Thanks for the link. I am using this in a slightly changed version:

...

sensor:
- platform: rest
    name: WireGuard peers status API
    resource: http://a0d7b954-wireguard
    value_template: "OK"
    json_attributes:
      - peer00
      - peer01
...

template:
  - binary_sensor:
      - name: WireGuard Peer peer00
        state: "{{ state_attr('sensor.wireguard_peers_status_api', 'peer00').latest_handshake > as_timestamp(now()) - 180 }}"
      - name: WireGuard Peer peer01
        state: "{{ state_attr('sensor.wireguard_peers_status_api', 'peer01').latest_handshake > as_timestamp(now()) - 180 }}"

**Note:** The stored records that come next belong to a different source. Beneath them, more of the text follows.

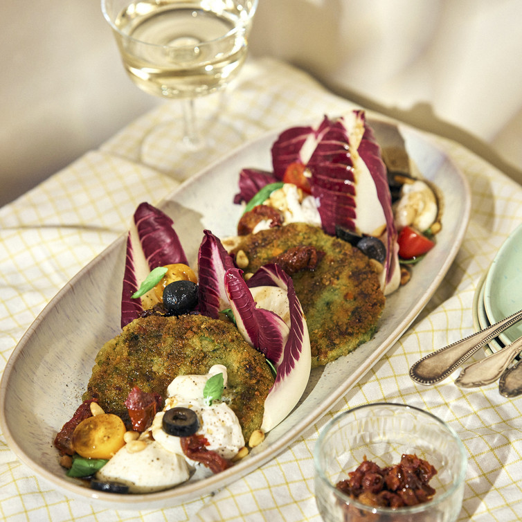 Mediterraner Genuss auf dem Teller: Cremige Burrata, würzige Spinat-Käse-Taler und aromatische Oliven treffen auf knackigen Radicchio und sonnengereifte Tomaten. Ein Gericht, das Urlaubsgefühle weckt und mit jedem Bissen ein Stück mediterrane Leichtigkeit bringt.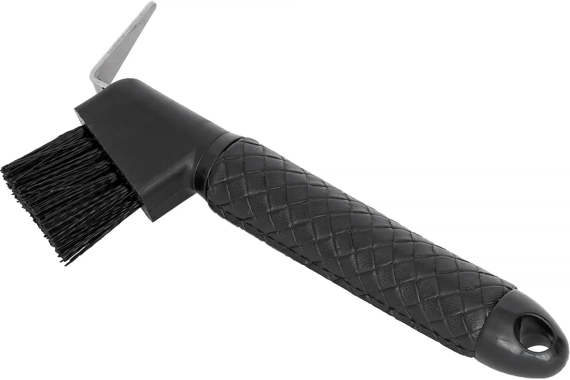 Kopystka dla konia ze szczotką START Braided DO KOPYT czarna Kopystka ze szczotką START Braided to praktyczne narzędzie dwuwymiarowe, które łączy w sobie wygodę kopystki i funkcjonalność szczotki. Idealne do codziennej pielęgnacji kopyt koni, kopystka umożliwia skuteczne usuwanie brudu i kamieni, natomiast zintegrowana szczotka pozwala na oczyszczanie i polerowanie powierzchni kopyta. Ergonomiczny uchwyt kopystki, ozdobiony plecionym wzorem, zapewnia pewny i komfortowy chwyt, co jest kluczowe przy precyzyjnej pracy. Wytrzymała konstrukcja i wysokiej jakości materiały gwarantują długotrwałe użytkowanie. Kopystka ze szczotką START Braided jest niezbędnym akcesorium dla każdego właściciela konia, zapewniającym efektywną i bezpieczną pielęgnację kopyt.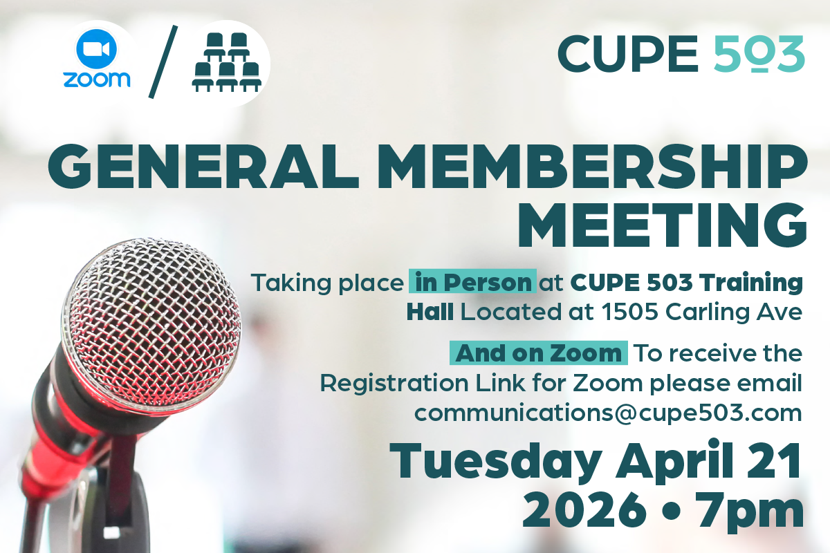 On Tuesday, April 21st at 7pm we are hosting our Hybrid General Membership Meeting. CUPE 503 Members will be able to join In Person at 1505 Carling Ave and on Zoom.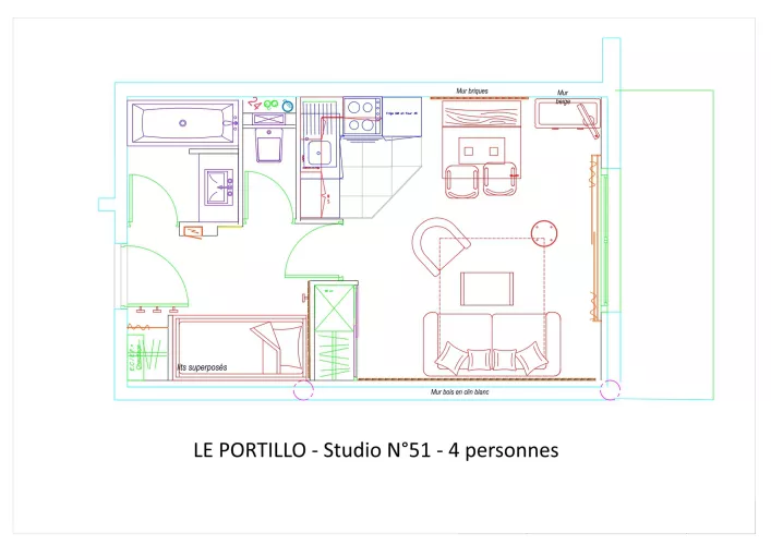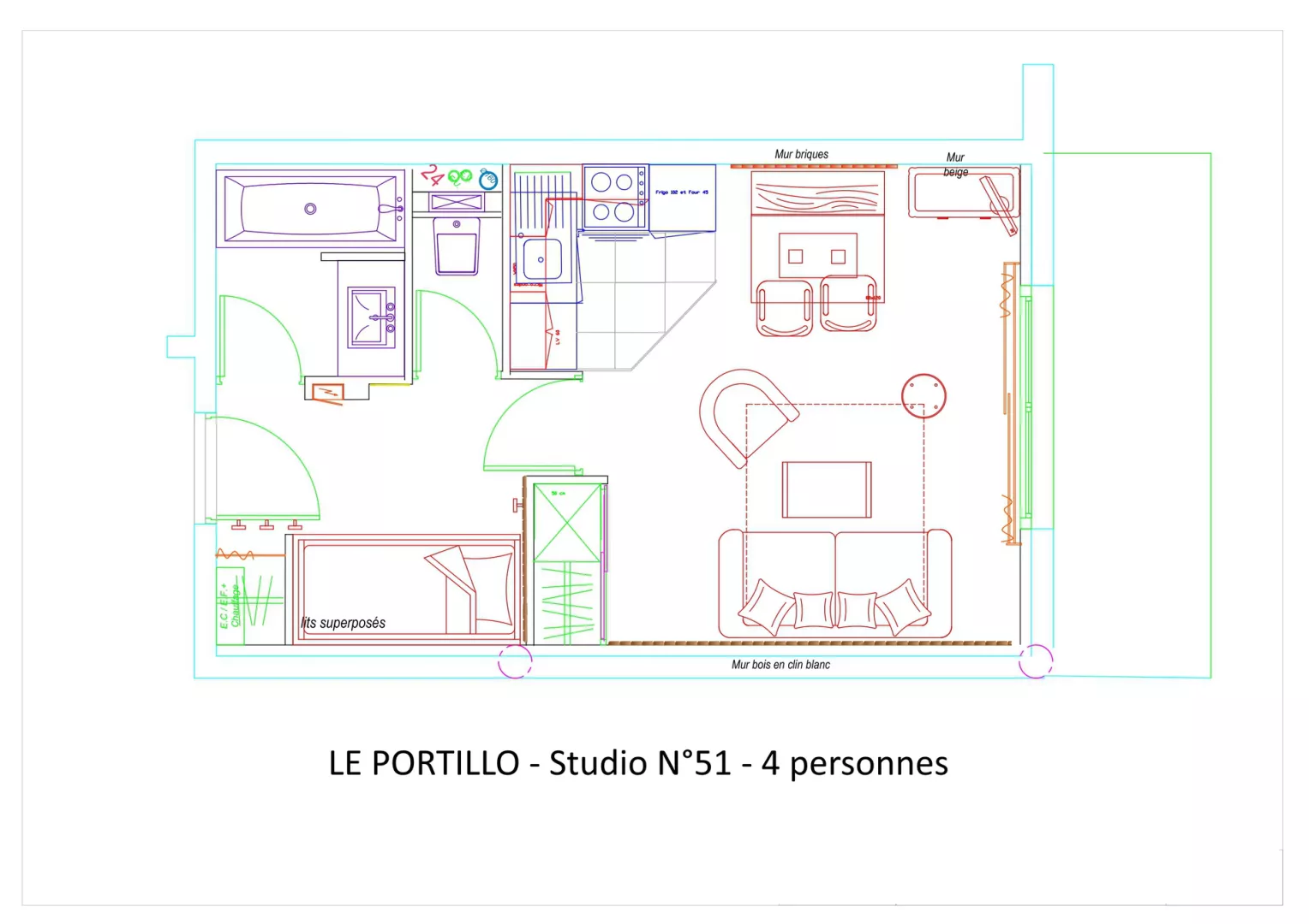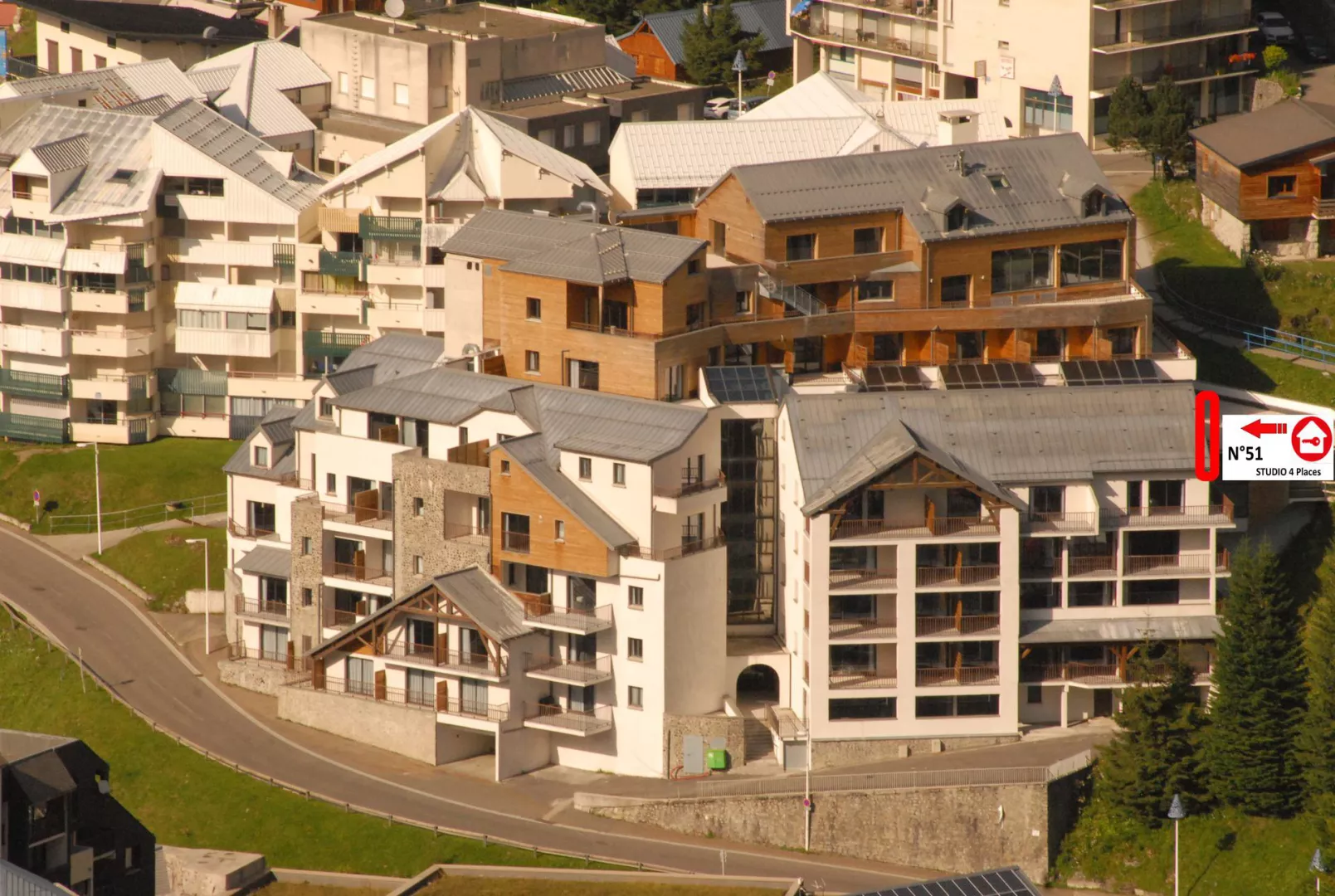 Residencia LE PORTILLO con piscina, estudio para 4 personas, 29 m², orientación este, vistas a la pista y a la montaña, situado en la 4ª planta con terraza.

(Edit: Had used the endpoint attribute checked against "(none)" before, but this apparently never resets…)

1 Like

Thank you for sharing this. I was able to get it up and running with a cronjob every minute to update binary sensor.

I am unable to see any of my data or allowed ips (i added this part in using your script). But both the data and allowed ips return empty in home assistant.

Below is my .sh being run by cron

#!/bin/bash
ip=$(sudo wg | grep -A 4 'Key' | grep 'endpoint' | sed s'/endpoint://' | sed -e 's/^[[:space:]]*//')
virtualip=$(sudo wg | grep -A 4 'Key' | grep 'virtualip' | sed s'/allowed ips://' | sed -e 's/^[[:space:]]*//')
lastseen=$(sudo wg | grep -A 4 'Key' | grep 'latest' | sed s'/latest handshake://' | sed -e 's/^[[:space:]]*//')
data=$(sudo wg | grep -A 4 'Key' | grep 'transfer' | sed s'/transfer://' | sed -e 's/^[[:space:]]*//')

final='{"Client":"Client-S21","IP":"'"$ip"'","Virtual IP":"'"$virtualip"'","Last Seen":"'"$lastseen"'","Data":"'"$data"'"}'

mosquitto_pub -h 192.168.0.111 -u "user" -P "pass" -t wgs21 -m "$final" -r

Below is what I get in home assistant

I am able to see all the stats in my machine with the command wg

Can the @valvex or anyone help me figure out whats going on?

Just wanted to say thanks very much for this. I made a modification to the script to allow multiple peers. Wireguard CLI to MQTT Bash Script - For getting Wireguard information in to Home Assistant MQTT sensors · GitHub

1 Like

I run Wireguard on a Windows computer. Has anyone figured out how to monitor the WG status of Windows machines?

The solution presented here does not query your client, but the Wireguard server. Therefore, it does not matter which client OS you use.

(If you are running a Wireguard server on Windows, sorry, then what I said is not true)

However, I am still struggling with the solution.